Colorado veterans of the famed World War II Tuskegee Airmen were honored for their service today as new signs for the "Tuskegee Airmen Memorial Highway" were displayed for the first time by Gov. Bill Ritter, Colorado Department of Transportation executive director Russell George and sponsors of the bill that designated the new memorial highway.
Surrounded by uniforms and memorabilia at the Blair-Caldwell African American Research Library, House Assistant Majority Leader Terrance Carroll, D-Denver, unveiled the signs that honor the civil rights pioneers who helped make the unit of African-American pilots and crew members legendary.
"We talk a lot about our World War II veterans. We talk a lot about our heroes.
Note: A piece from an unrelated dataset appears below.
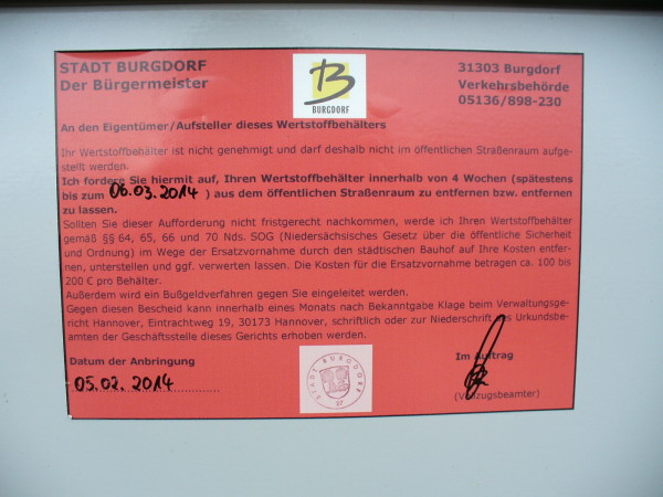 nicht genehmigter Sammelbehälter (links)Aufforderung zur Entfernung des Containers

But I can't think of any truer heroes," Carroll said, according to an article in the Rocky Mountain News. "They fought for this country when this country wouldn't fight for them."
From 1941 through 1946, over 990 African-American pilots earned their wings at Alabama's Tuskegee Army Air Field, receiving commissions and pilot wings. Black navigators, bombardiers and gunnery crews were trained elsewhere in the country. Four hundred fifty of the pilots served in North Africa, Sicily and Italy.
Colorado becomes the second state in the union to honor its Tuskegee Airmen veterans with a highway memorial.
The Tuskegee Airmen Memorial Highway is designated along I-70 between Brighton Boulevard and Tower Road.
Carroll was the house sponsor of the resolution designating the Tuskegee Airmen Memorial Highway.